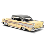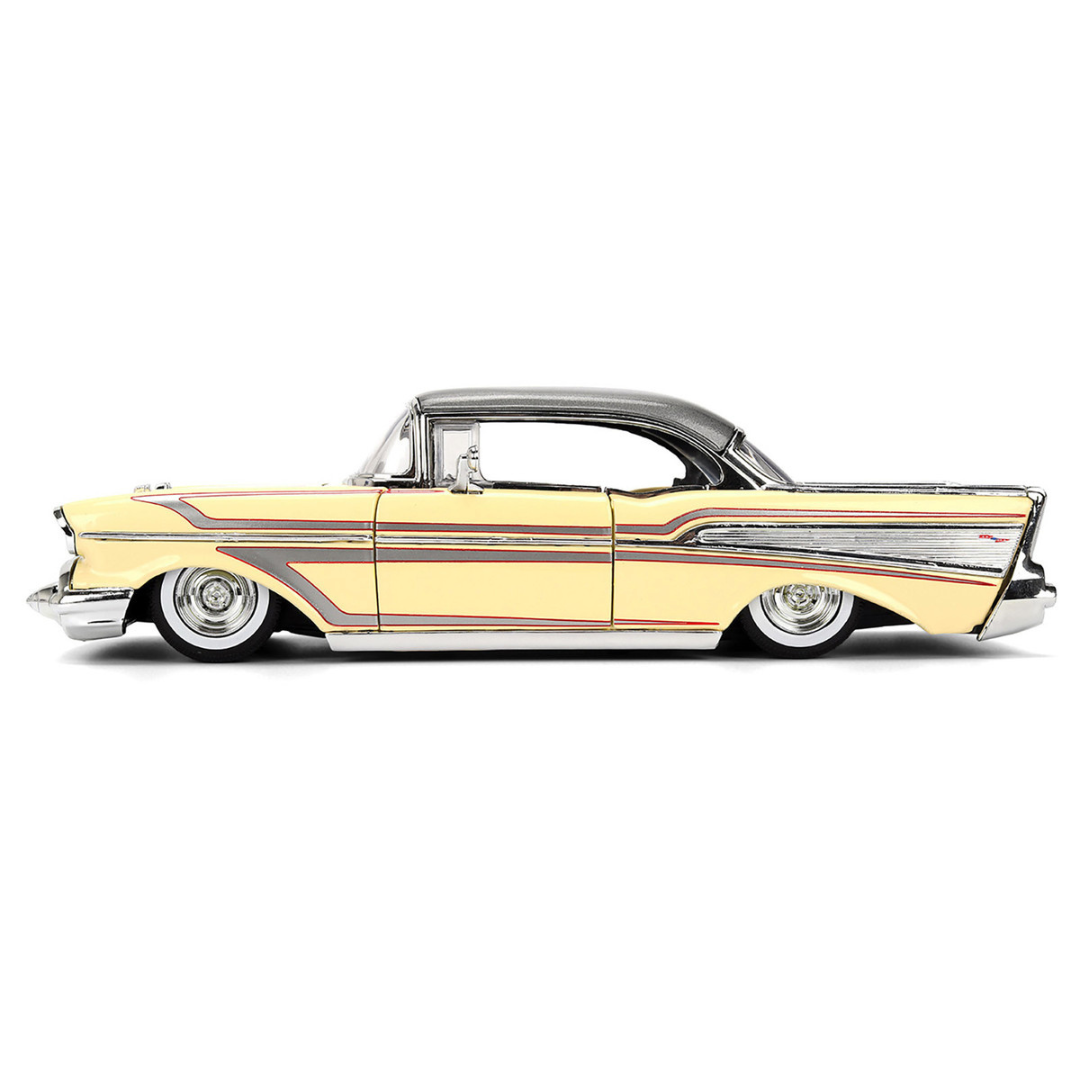1957 Chevrolet Bel Air Cream with Graphics and Gray Metallic Top "Bigtime Muscle" Series 1/24 Diecast Model Car
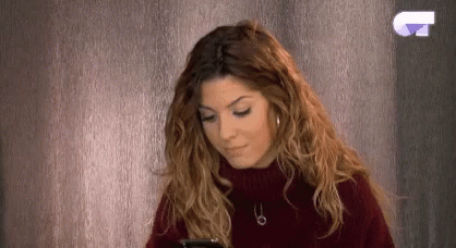 Miriam intently reading text messages on her phone, wearing a maroon turtleneck sweater indoors.
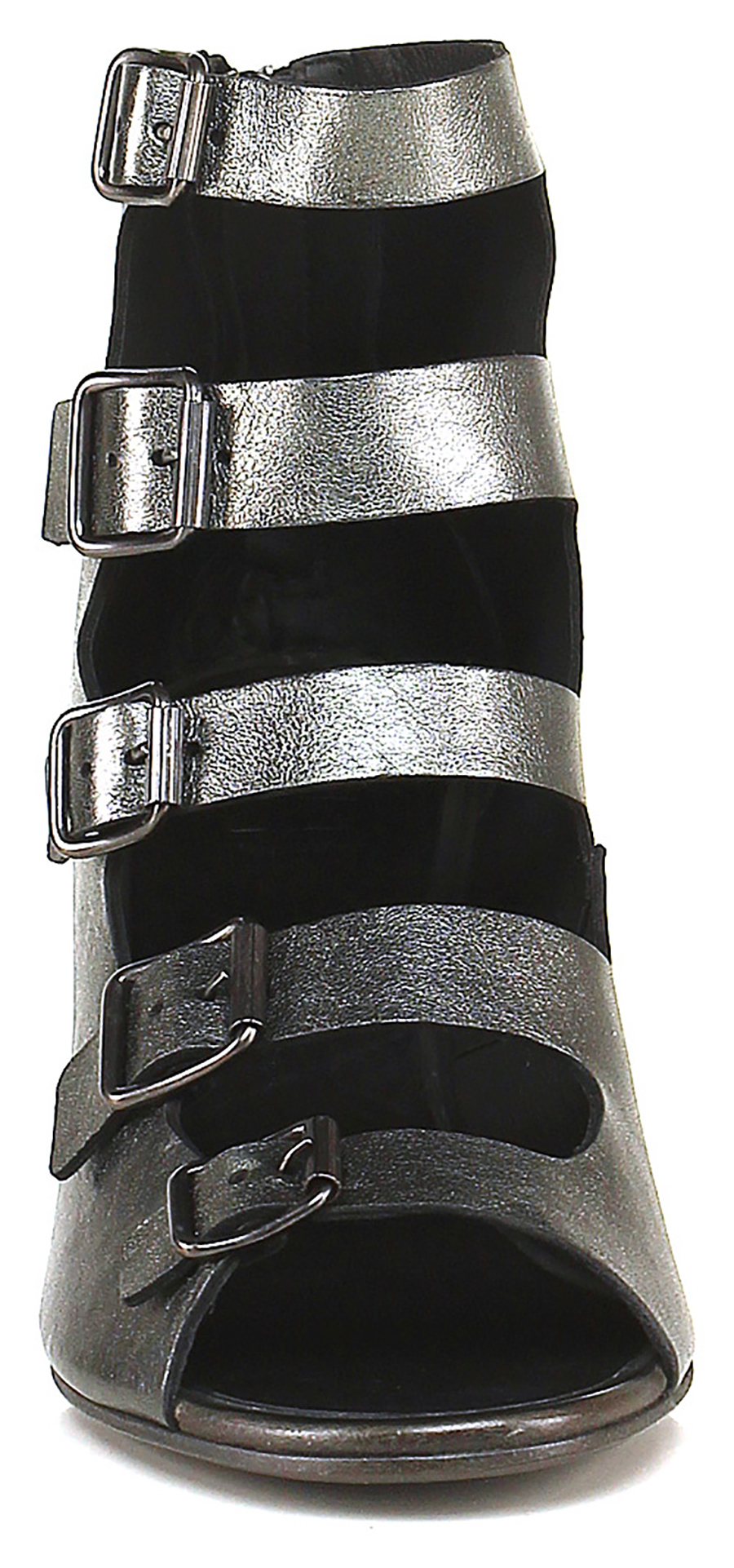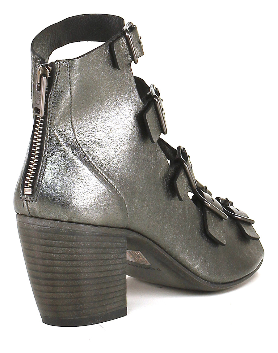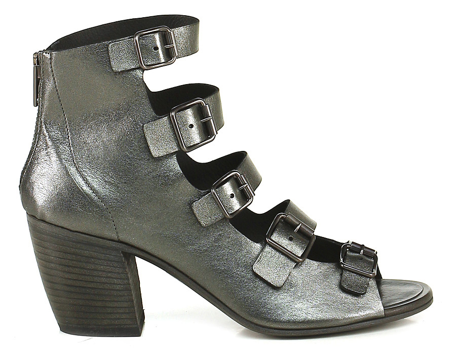 Heeled shoe in vintage laminated leather with zip on the back and leather sole. Heel 70.
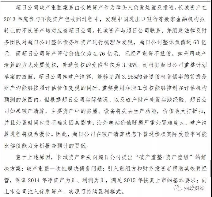 在本案例中,长城资产基于长期处置不良资产业务的优势及对该类业务的敏感度,对出现短期流动性问题的上市公司,及时通过不良资产收购转为其实际债权人。注重研究负债企业的整体财务状况,及时提出重整计划以防止债务企业财务状况进一步恶化,在整体重组中把握主导地位,对重组方案的制定有较大话语权和决定力。

—————

### Goal of the exercise
Drop every image, please, and write out the data above exactly as shown.

### Response below
1957 Chevrolet Bel Air Cream with Graphics and Gray Metallic Top "Bigtime Muscle" Series 1/24 Diecast Model Car
 Miriam intently reading text messages on her phone, wearing a maroon turtleneck sweater indoors.
 Heeled shoe in vintage laminated leather with zip on the back and leather sole. Heel 70.
 在本案例中,长城资产基于长期处置不良资产业务的优势及对该类业务的敏感度,对出现短期流动性问题的上市公司,及时通过不良资产收购转为其实际债权人。注重研究负债企业的整体财务状况,及时提出重整计划以防止债务企业财务状况进一步恶化,在整体重组中把握主导地位,对重组方案的制定有较大话语权和决定力。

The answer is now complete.